The anthem was Healey Willan’s monumental epic O Praise the Lord, which he composed for the Anglican Congress of 1963, held at Toronto’s Maple Leaf Gardens. On that occasion, held while the Catholic Church was still engaged in the sessions of the Second Vatican Council, about 17,000 representatives of the Anglican Communion from all around the world, including Archbishop of Canterbury Michael Ramsey, came together to discuss the mission of Anglican Christianity. While the Anglican Communion has suffered severe decline since 1963, the ordinariate, a Catholic church in the Anglican tradition, bears a hope of future growth. Our trust is in the Lord, and we will build our future on the sure foundation of the Catholic faith.
Our service of mattins wrapped up with the collects of the day, for peace, and for grace; prayers for the Queen and all in authority, and the Pope; the General Thanksgiving; the Prayer of St John Chrysostom; and the Grace. We ended with another beloved hymn by Ralph Vaughan Williams, At the Name of Jesus, and then Matthew Larkin played the Toccata and Fugue by another Canadian organist, Andrew Ager.

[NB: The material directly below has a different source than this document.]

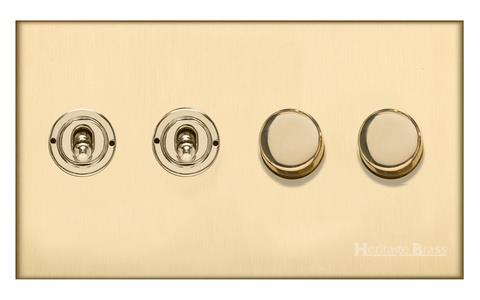 Winchester Range Satin Brass | 4G Mixed Toggle Dimmer Switch 2xToggle 2xTED
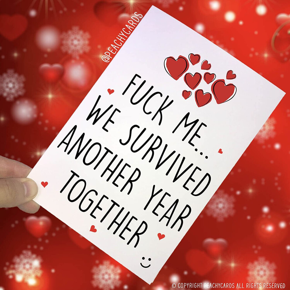 Peachy Antics Funny Cards, Valentines, Anniversary, Birthday Cards, Husband Wife Boyfriend Girlfriend Swearing Cards Humorous Survived Another Year PC

Both mattins and evensong were from the Canadian BCP, as celebrated by the Canadian ordinariate deanery per the Holy See’s Guidelines for Morning and Evening Prayer in the Personal Ordinariate (Congregation for the Doctrine of the Faith).
Choral Evensong and Benediction was the final service of our gathering in thanksgiving for the tenth anniversary of Anglicanorum Coetibus. While evensong doesn’t always end in benediction, it is a particularly catholic rite and was thus fitting as a conclusion to our time together. We sang Palestrina’s Salve Regina as a prelude, before singing a much more choral service than we had in the morning. The responses were by Bernard Rose and the Magnificat and Nunc Dimittis were from Howells’s Gloucester Service. Of course the psalms were once again in Anglican chant and the anthem was by William Harris, Bring Us O Lord. Then came the collects of the day, for peace, and for aid against all perils; a prayer for the Anglican patrimony; and Cardinal Newman’s Prayer at Eventide.

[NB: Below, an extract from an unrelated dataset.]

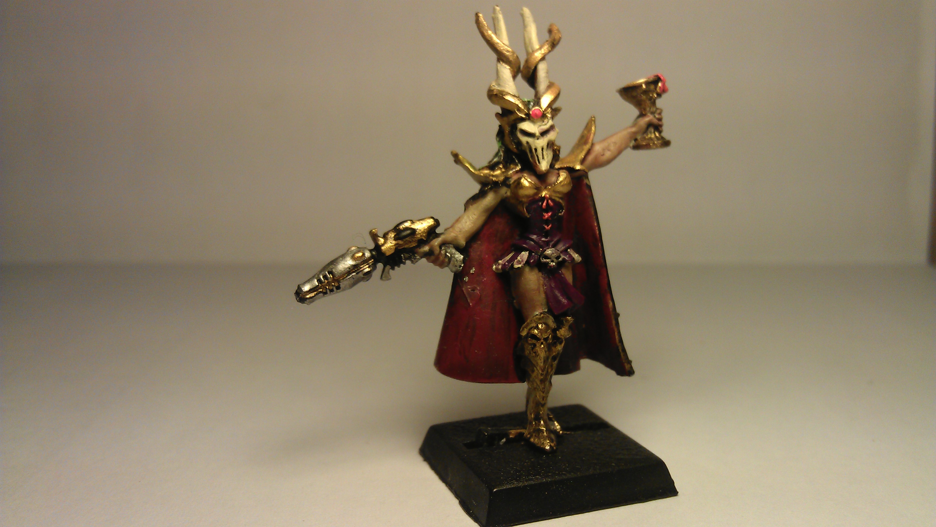 Automatically Appended Next Post: The Lhamaean started life out as a Dark Elf Sorceress from the Cauldron of Blood kit. I carved her face off (which sounds cool just to even say) and replaced it with the mask from the Death Jester. The blast pistol will be replaced by a splinter pistol soon to better fit the idea of a poisoners weapon. Or possibly something made to look like the needle pistol from the DE codex.
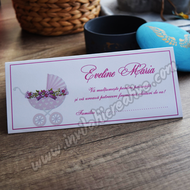 Putem realiza setul de papetarie in aceeasi tematica (plic de bani, meniu, invitatie, placecard, lista invitati / opis, numar masa, etichete marturii, marturii).

Preparations for benediction began while we sang Willan’s hymn Lord Enthroned in Heavenly Splendour. We did the traditional benediction hymns O Salutaris, Tantum Ergo, and the Laudate Dominum and Adoremus in Aeternum, all in traditional prayerbook English. These hymns are glorious expressions of Eucharistic adoration and deserve to be better known, which prayerbook English plainsong settings may help to accomplish. The benediction motet was Willan’s Ave Verum Corpus, which some consider to have surpassed even William Byrd’s similar setting of the same. Of course, we ended Saturday as we had ended Friday with another patrimonial reception! Anglicans have frequently followed the sacred liturgy with celebration, a fitting way to recognize the nature of what has just been done, as well as to live more holistically as a community and a family of faith.

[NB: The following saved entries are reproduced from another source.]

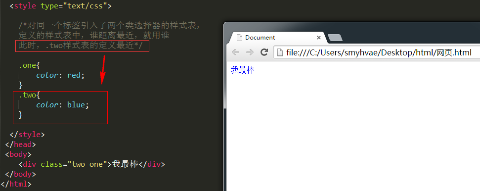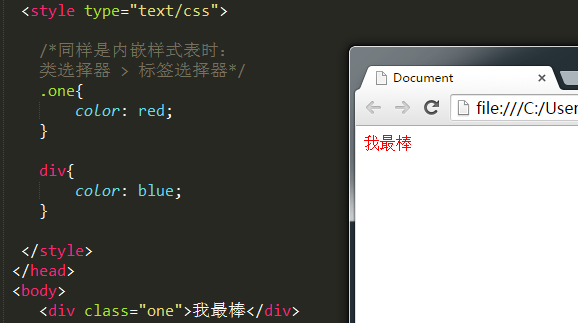 上图中,第二个样式比第一个样式的权重要大。因此在实战中可以实现这种效果:所有人当中,让某一个人为红,让其他所有人为蓝。
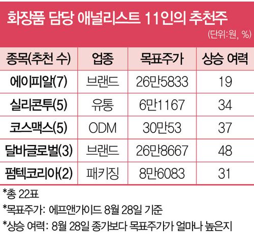 에이피알 다음은 똑같이 5표를 받은 실리콘투와 코스맥스다.
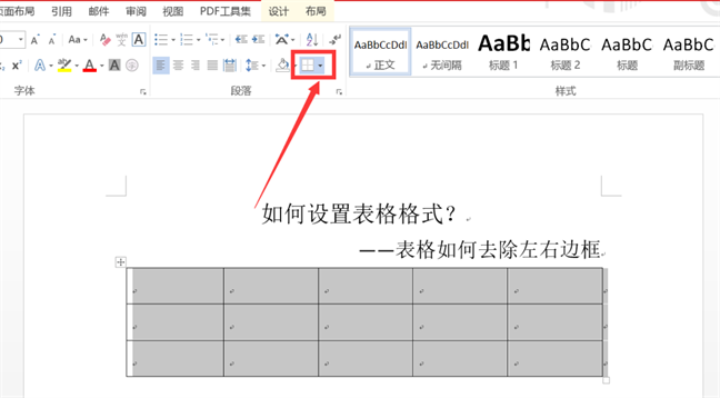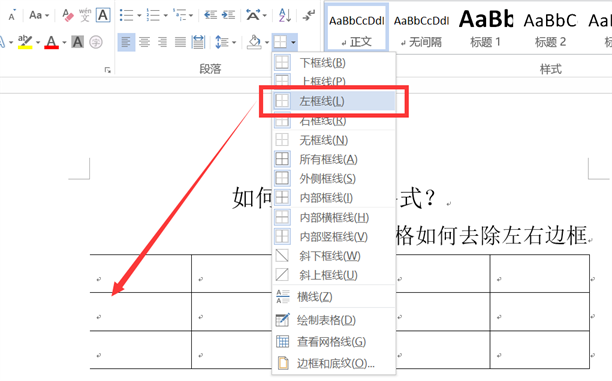 2、点击【左框线】,表格左边框被去除;同理,如要去除右边框,点击【右框线】即可。

These were three beautiful, and very Anglican patrimonial, liturgies held in Toronto’s St Michael’s Cathedral, celebrated by Fr Lee Kenyon, our former Dean of Canada for the ordinariate. The music – representative of the very best of the Anglican musical tradition – was provided by a professional ensemble, including renowned Canadian organist Matthew Larkin and directed by Toronto’s own Peter Mahon. That our liturgies were hosted by the Cathedral of the Latin diocese was a powerful sign of how the Anglican tradition has been fully welcomed into the Catholic Church. The experience of a Solemn Mass and Te Deum, Choral Mattins, and Evensong and Benediction, all done in accordance with the best of our Anglican tradition and in such a preeminent Catholic setting was deeply moving for everyone. Pope Benedict XVI’s Anglicanorum Coetibus was a gift from God that has made for us a home in the Catholic Church, and for that we will ever give thanks!